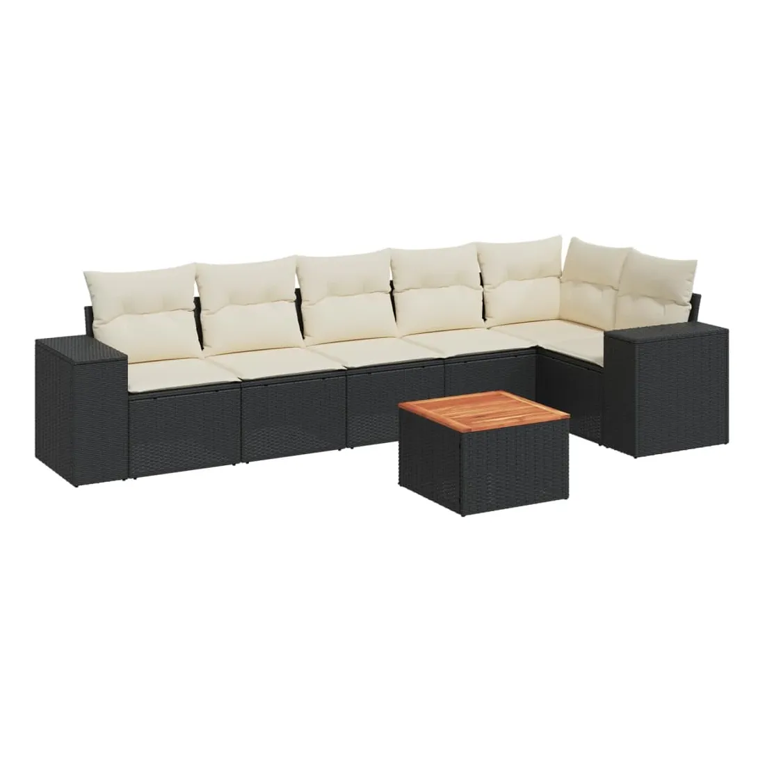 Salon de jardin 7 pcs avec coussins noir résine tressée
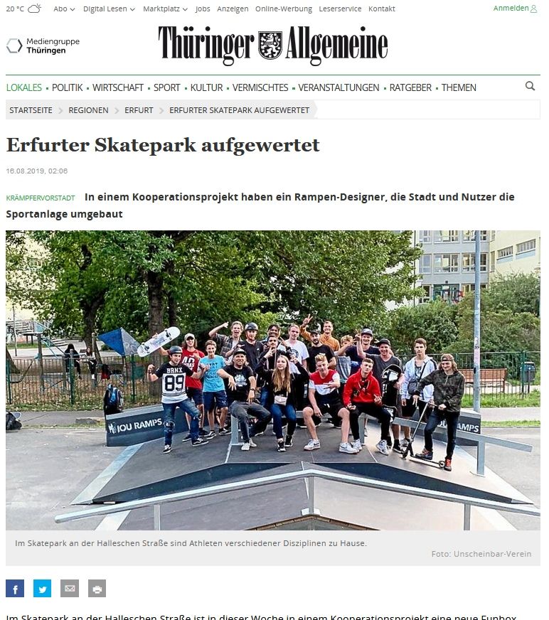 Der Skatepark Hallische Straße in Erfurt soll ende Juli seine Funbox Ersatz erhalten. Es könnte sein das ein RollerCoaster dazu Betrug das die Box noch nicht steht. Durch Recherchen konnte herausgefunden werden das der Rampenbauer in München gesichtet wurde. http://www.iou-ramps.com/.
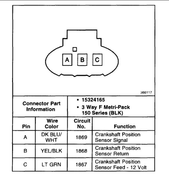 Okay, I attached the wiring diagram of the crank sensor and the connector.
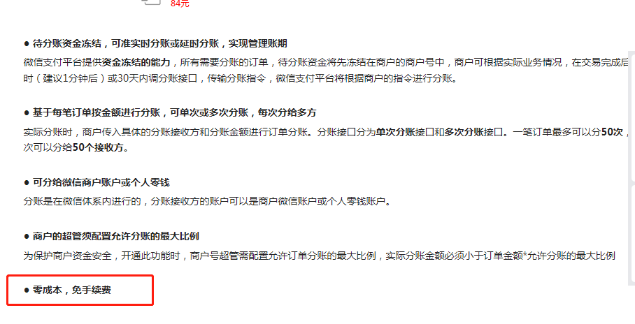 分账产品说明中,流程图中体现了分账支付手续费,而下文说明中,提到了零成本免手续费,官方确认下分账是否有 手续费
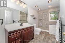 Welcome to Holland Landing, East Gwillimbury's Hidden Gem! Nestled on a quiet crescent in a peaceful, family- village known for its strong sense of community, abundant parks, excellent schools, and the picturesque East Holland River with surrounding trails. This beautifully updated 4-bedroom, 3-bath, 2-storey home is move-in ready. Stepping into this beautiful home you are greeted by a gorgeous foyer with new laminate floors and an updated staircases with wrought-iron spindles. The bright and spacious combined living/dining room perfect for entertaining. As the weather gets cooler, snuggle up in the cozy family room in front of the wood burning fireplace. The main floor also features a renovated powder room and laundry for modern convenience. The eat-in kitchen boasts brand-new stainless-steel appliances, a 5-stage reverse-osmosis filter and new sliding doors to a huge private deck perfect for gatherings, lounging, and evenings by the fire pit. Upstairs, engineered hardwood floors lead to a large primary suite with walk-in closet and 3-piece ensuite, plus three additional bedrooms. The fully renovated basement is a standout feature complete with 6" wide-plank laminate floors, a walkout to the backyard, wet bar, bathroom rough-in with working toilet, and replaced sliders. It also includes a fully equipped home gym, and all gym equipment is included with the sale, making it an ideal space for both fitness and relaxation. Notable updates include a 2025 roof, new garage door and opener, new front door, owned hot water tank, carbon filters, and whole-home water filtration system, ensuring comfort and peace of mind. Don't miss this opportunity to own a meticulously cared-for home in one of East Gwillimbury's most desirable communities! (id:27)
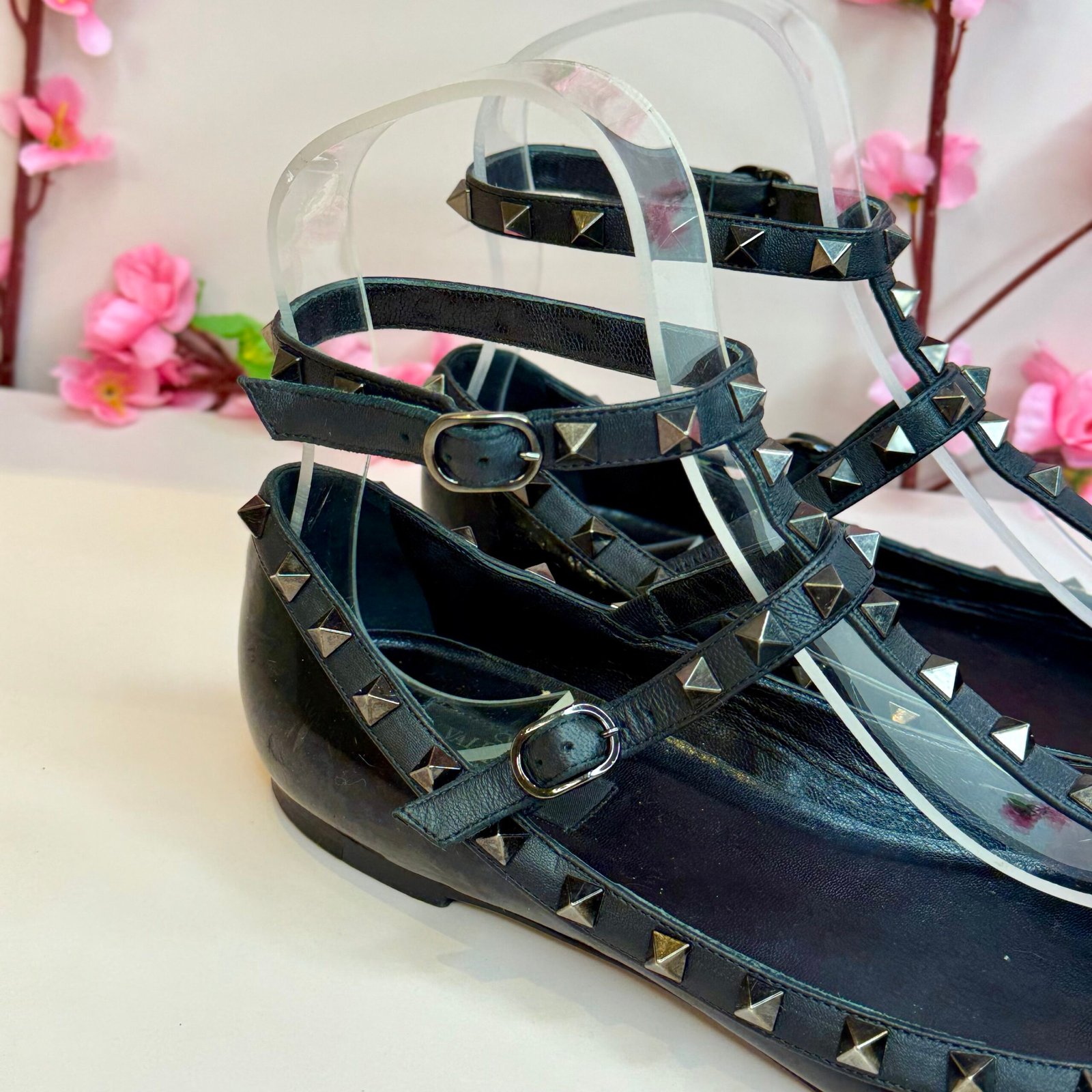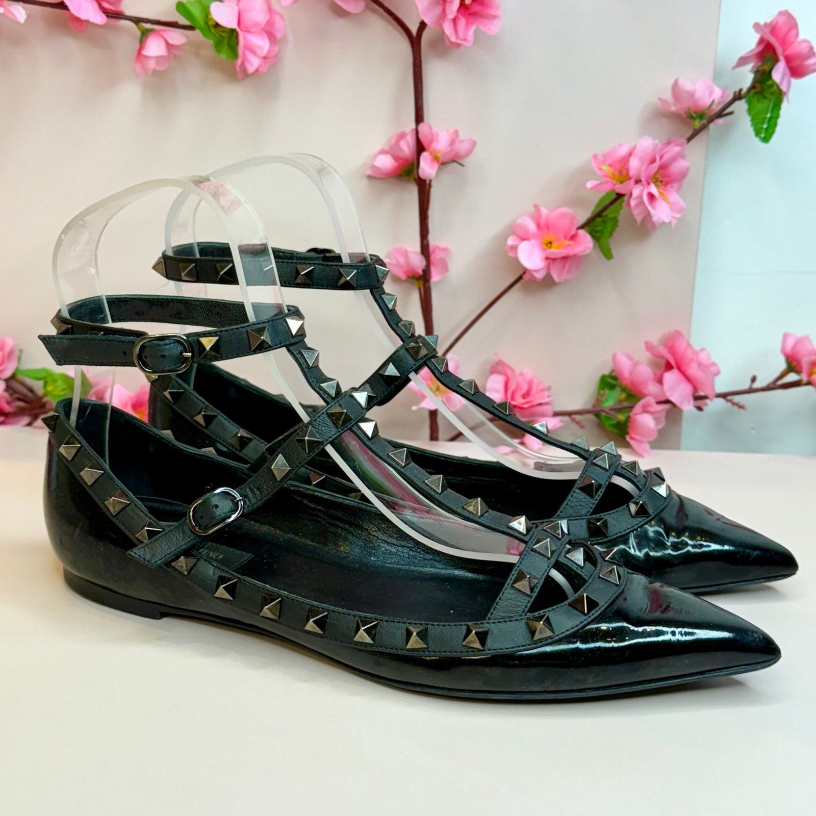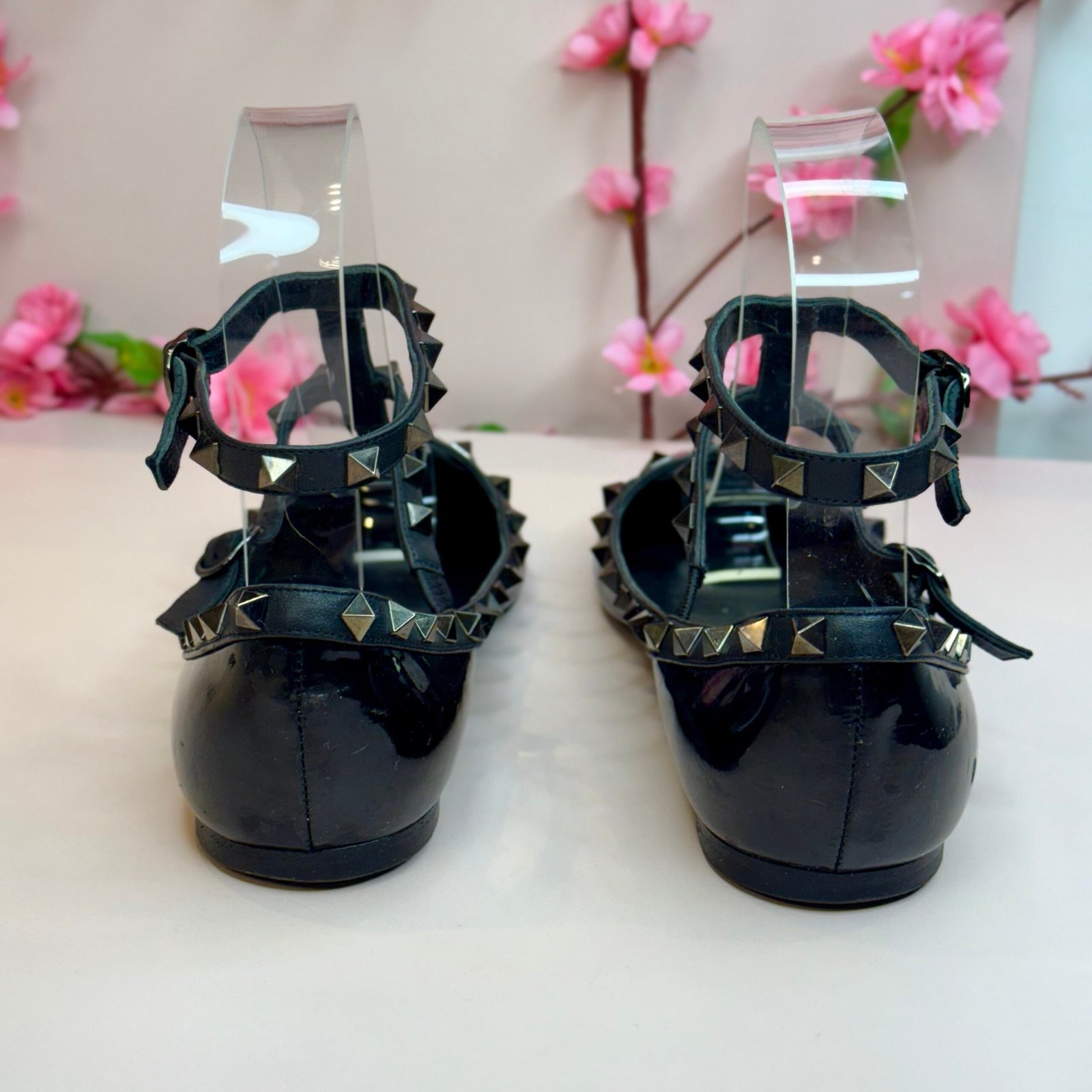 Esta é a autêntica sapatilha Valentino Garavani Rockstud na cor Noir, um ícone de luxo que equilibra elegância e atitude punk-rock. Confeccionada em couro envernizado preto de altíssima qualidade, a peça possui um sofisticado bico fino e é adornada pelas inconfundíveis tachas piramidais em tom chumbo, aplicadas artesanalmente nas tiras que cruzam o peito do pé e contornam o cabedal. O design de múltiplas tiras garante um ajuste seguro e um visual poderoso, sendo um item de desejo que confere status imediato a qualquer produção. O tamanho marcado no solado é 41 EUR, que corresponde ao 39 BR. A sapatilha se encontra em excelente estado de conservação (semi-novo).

────

■ **Task goal**: After dropping the pictures, reproduce exactly the lines from the first line of the entries through the line containing "分账产品说明中,流程图中体现", both included.

■ **Task output**:
 Salon de jardin 7 pcs avec coussins noir résine tressée
 Der Skatepark Hallische Straße in Erfurt soll ende Juli seine Funbox Ersatz erhalten. Es könnte sein das ein RollerCoaster dazu Betrug das die Box noch nicht steht. Durch Recherchen konnte herausgefunden werden das der Rampenbauer in München gesichtet wurde. http://www.iou-ramps.com/.
 Okay, I attached the wiring diagram of the crank sensor and the connector.
 分账产品说明中,流程图中体现了分账支付手续费,而下文说明中,提到了零成本免手续费,官方确认下分账是否有 手续费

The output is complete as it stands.